#### AIM OF THE EXERCISE
Reproduce the listing word for word. Skip any image.
┌──
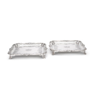 Deze vierkante dienbladen met afgeronde hoeken zijn versierd met geciseleerde randen van acanthusbladeren en rocaille krullen, typerend voor de decoratieve stijl van het begin van de 19de eeuw. Het centrum is gegraveerd met het wapenschild van John Walter (1776-1824). Elk stuk rust op vier gegoten voeten met blad- en krulmotieven, wat het geheel een grote grandeur verleent.
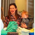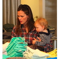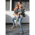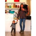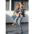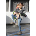The actress tries to carry both of her children.
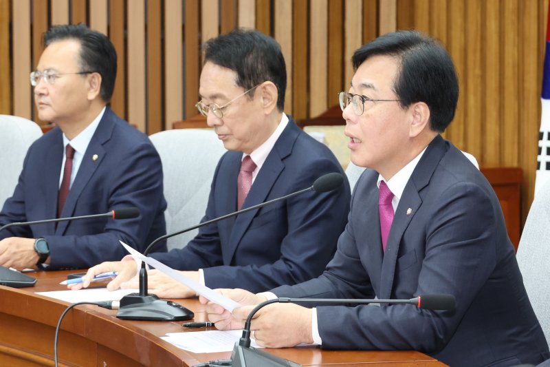 송언석 국민의힘 원내대표는 국회에서 국정감사대책회의를 열고 "이재명 정부의 부동산 정책이 시장에 대한 무능을 넘어서고 있다"며 "집을 살 수도 없고 팔 수도 없는 절망적 상황에 놓인 국민들에게 이재명 정권과 여권 고위 인사들은 막말로 상처를 주고 있다"고 밝혔다.
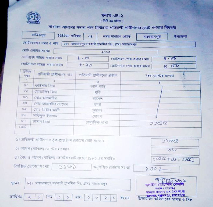 ৪ নম্বর ওয়ার্ডে একমাত্র ভোটকেন্দ্র মায়ারামপুর সরকারি প্রাথমিক বিদ্যালয়। এই ভোটকেন্দ্রের মোট ভোটার সংখ্যা দুই হাজার ১৬৩। এ কেন্দ্রে ভোট দিয়েছেন এক হাজার ১৬১ জন ভোটার। এর মধ্যে বৈধ ভোট দেখানো হয়েছে এক হাজার ১৫৫টি। আর বাতিলকৃত ভোট সংখ্যা ছয়টি। তবে বৈধ এক হাজার ১৫৫টি ভোটের সবকটিই হাসান মিয়া ওরফে কাজী সালাউদ্দিনের বৈদ্যুতিক পাখা প্রতীকে পড়েছে বলে প্রিসাইডিং অফিসার স্বাক্ষরিত ফলাফল শিটে উল্লেখ করা হয়েছে।
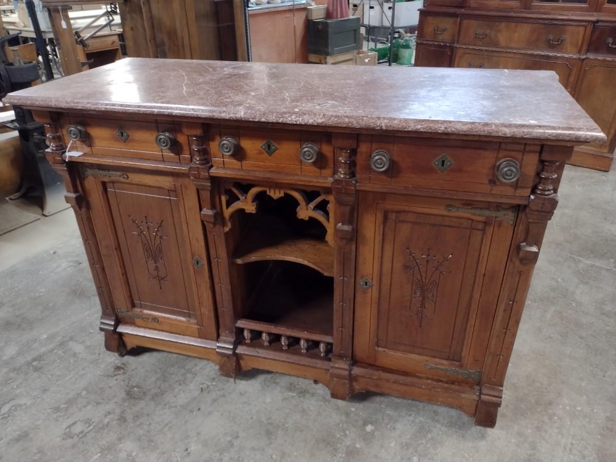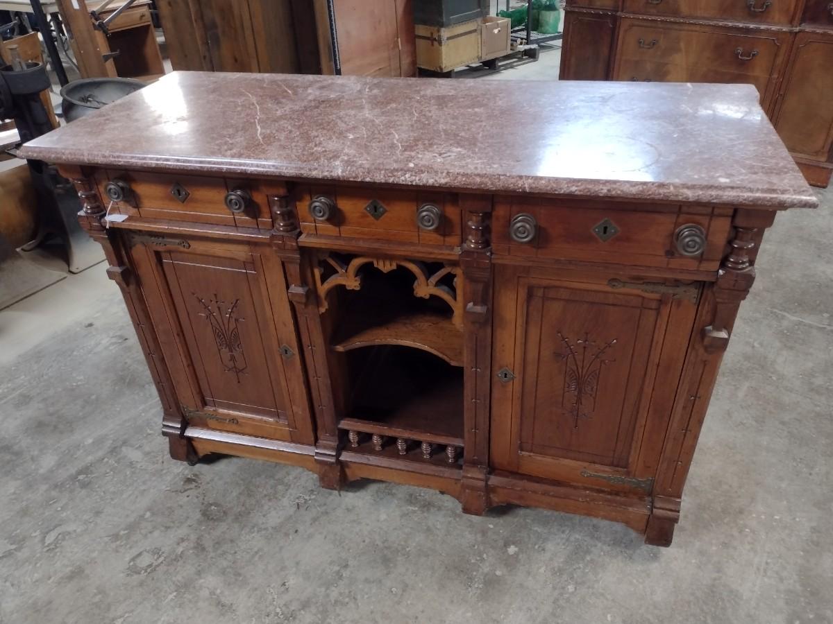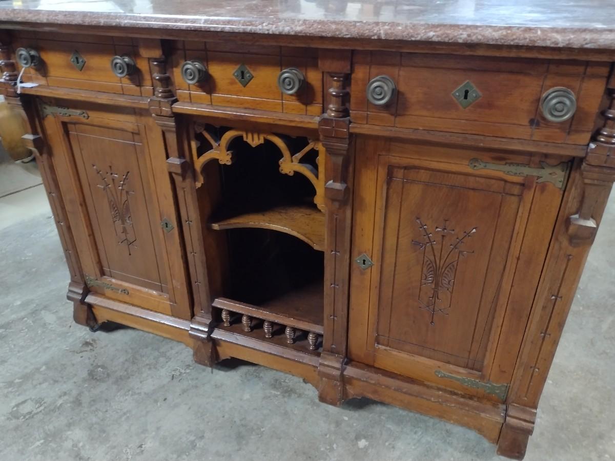 Antique Eastlake Design Walnut Finish Marble Top Sideboard
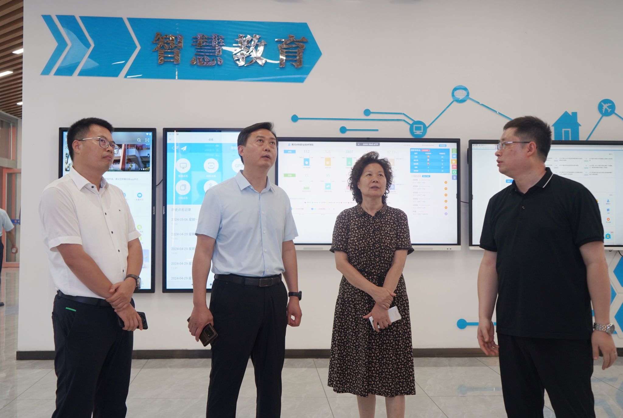 7月22日,河南省教育厅副厅长张国强带队到我校检查指导防汛工作,校党委书记周保平、校长胡昊参加调研。
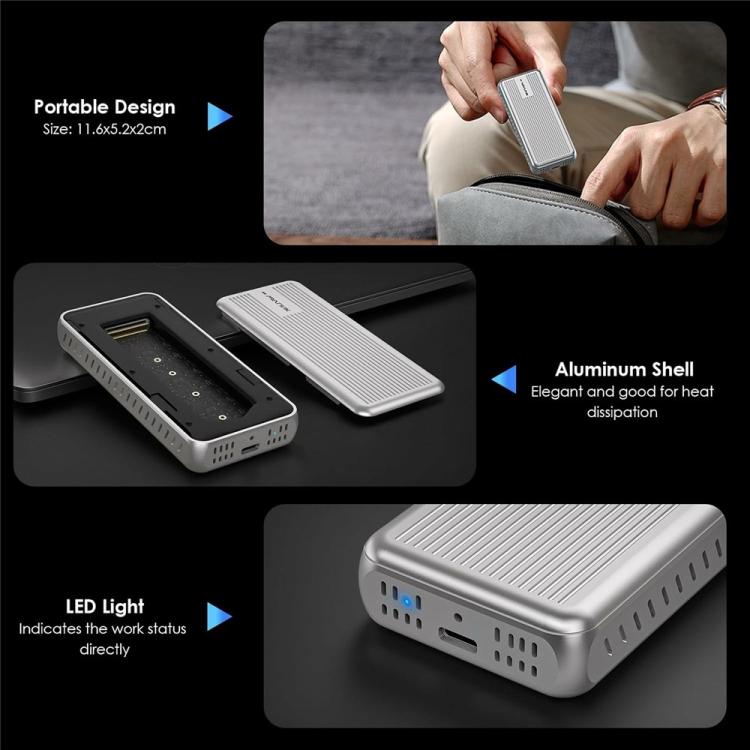 4. Plug & Play and Tool-Free: This portable enclosure easily fits in a pocket or briefcase, providing ample storage on the go. It supports plug-and-play functionality without additional drivers and features tool-free SSD installation.
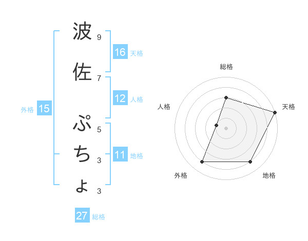 波佐 ぷちょさんを姓名の画数から五運を鑑定
└──
#### SOLUTION
 Deze vierkante dienbladen met afgeronde hoeken zijn versierd met geciseleerde randen van acanthusbladeren en rocaille krullen, typerend voor de decoratieve stijl van het begin van de 19de eeuw. Het centrum is gegraveerd met het wapenschild van John Walter (1776-1824). Elk stuk rust op vier gegoten voeten met blad- en krulmotieven, wat het geheel een grote grandeur verleent.
The actress tries to carry both of her children.
 송언석 국민의힘 원내대표는 국회에서 국정감사대책회의를 열고 "이재명 정부의 부동산 정책이 시장에 대한 무능을 넘어서고 있다"며 "집을 살 수도 없고 팔 수도 없는 절망적 상황에 놓인 국민들에게 이재명 정권과 여권 고위 인사들은 막말로 상처를 주고 있다"고 밝혔다.
 ৪ নম্বর ওয়ার্ডে একমাত্র ভোটকেন্দ্র মায়ারামপুর সরকারি প্রাথমিক বিদ্যালয়। এই ভোটকেন্দ্রের মোট ভোটার সংখ্যা দুই হাজার ১৬৩। এ কেন্দ্রে ভোট দিয়েছেন এক হাজার ১৬১ জন ভোটার। এর মধ্যে বৈধ ভোট দেখানো হয়েছে এক হাজার ১৫৫টি। আর বাতিলকৃত ভোট সংখ্যা ছয়টি। তবে বৈধ এক হাজার ১৫৫টি ভোটের সবকটিই হাসান মিয়া ওরফে কাজী সালাউদ্দিনের বৈদ্যুতিক পাখা প্রতীকে পড়েছে বলে প্রিসাইডিং অফিসার স্বাক্ষরিত ফলাফল শিটে উল্লেখ করা হয়েছে।
 Antique Eastlake Design Walnut Finish Marble Top Sideboard
 7月22日,河南省教育厅副厅长张国强带队到我校检查指导防汛工作,校党委书记周保平、校长胡昊参加调研。
 4. Plug & Play and Tool-Free: This portable enclosure easily fits in a pocket or briefcase, providing ample storage on the go. It supports plug-and-play functionality without additional drivers and features tool-free SSD installation.
 波佐 ぷちょさんを姓名の画数から五運を鑑定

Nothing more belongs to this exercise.